L’invasion militaire actuelle de l’Ukraine par la Russie constitue un tournant dans l’histoire de l’Europe. Le continent, qui a connu de longues décennies de paix, est désormais confronté à un conflit armé déclenché par les aspirations révisionnistes du président russe.
L’escalade des événements a suscité l’étonnement, voire l’horreur, même chez de nombreux experts. Mais ces événements reflètent une évolution géopolitique qui se dessinait depuis longtemps déjà : la concurrence entre les grandes et moyennes puissances s’intensifie et la scène internationale est devenue plus instable et imprévisible. Au départ, la guerre d’agression russe contre l’Ukraine reposait sur les cybercapacités disponibles très développées. Mais pour gagner du terrain sur le plan territorial, la Russie a envahi le pays avec des chars d’assaut, à l’ancienne.
Aucun doute : les conséquences de l’agression militaire de la Russie en Ukraine seront graves et de grande portée. En premier lieu pour l’Ukraine et ses citoyens, mais aussi pour l’alliance occidentale et la sécurité européenne. Et qu’en est-il pour la Suisse ?
Au cours des dernières années, dans ses nombreuses déclarations sur la politique de sécurité, le Conseil fédéral a affirmé à plusieurs reprises que l’intégrité territoriale de la Suisse ne serait très probablement pas affectée par le comportement militaire agressif de la Russie ni par un éventuel conflit entre l’OTAN et la Russie. Mais actuellement, la situation en Ukraine évolue de jour en jour, voire d’heure en heure, et toutes les conséquences du conflit ne se cristalliseront que progressivement. La Suisse en ressentira elle aussi les effets, que ce soit sur sa politique de sécurité ou sur son économie.

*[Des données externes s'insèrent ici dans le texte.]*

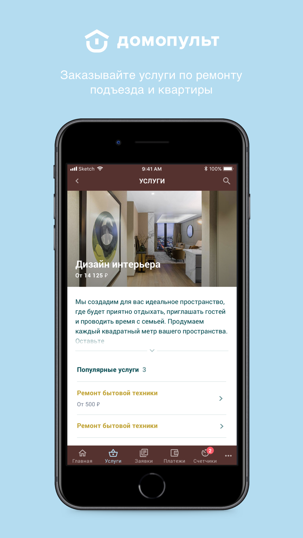 - быстро заказывать услуги, вызывать мастера или связываться с диспетчером;
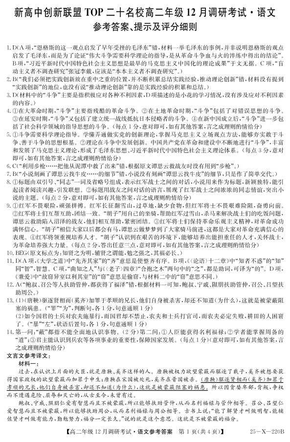 河南省TOP二十名校2024-2025学年高二上学期12月调研考试语文答案

Avenir Suisse publiera dans quelques semaines une étude sur l’architecture de la sécurité suisse. Cette publication n’est pas une réaction précipitée face aux événements actuels, bien au contraire : les travaux de recherche ont commencé il y a plus d’un an déjà – lorsqu’une attaque territoriale aussi claire de la Russie était considérée comme improbable, tant par le Conseil fédéral que par l’OTAN. Les événements actuels confirment toutefois l’orientation de l’étude, notamment sur les deux points suivants :
Premièrement, la Suisse doit rattraper son retard en matière de cyberdéfense. Les cybercapacités du Kremlin, bien qu’elles aient surtout été utilisées jusqu’à maintenant pour des campagnes de désinformation, démontrent la pertinence de se préparer aux cyberattaques. Qu’elles soient d’origine militaire ou criminelle, elles ont le potentiel de causer des dommages considérables à un Etat, à son économie et à sa société. Et plus encore qu’une attaque terrestre.
Deuxièmement, l’attaque des forces armées russes démontre avec clarté l’importance de la coopération des pays occidentaux et européens en particulier. Dans le cadre d’un effort de défense commun, il est beaucoup plus probable qu’un conflit conventionnel affecte l’Europe en tant que collectif plutôt que la Suisse de manière isolée. En cas d’urgence, la défense est plus efficace lorsqu’elle est collective. Les capacités doivent donc être coordonnées, exercées et développées au préalable.
Cela concerne également la coordination et l’interopérabilité des forces aériennes. En renforçant sa coopération militaire transnationale, par exemple en participant à des exercices de l’OTAN ou en s’impliquant davantage dans des initiatives de défense paneuropéennes, la Suisse pourrait augmenter sa contribution à la sécurité collective de l’Europe. La discussion autour d’une conception politique de la neutralité de la Suisse allant au-delà des obligations légales pourrait représenter un gain de sécurité pour le pays. La notion de neutralité, actuellement statique, doit donc évoluer.
La situation actuelle montre l’importance du thème de la politique de sécurité et le place davantage sous les projecteurs. Dans un paysage de politique de sécurité complexe faisant face à des défis considérables, les débats publics sont importants. Ils garantissent une politique de sécurité efficace et adaptée aux besoins. Le fait que les événements actuels confèrent à ce thème un caractère explosif n’est pas réjouissant, bien au contraire : notre pays, mais aussi l’Europe, se seraient bien passés de cette explosivité.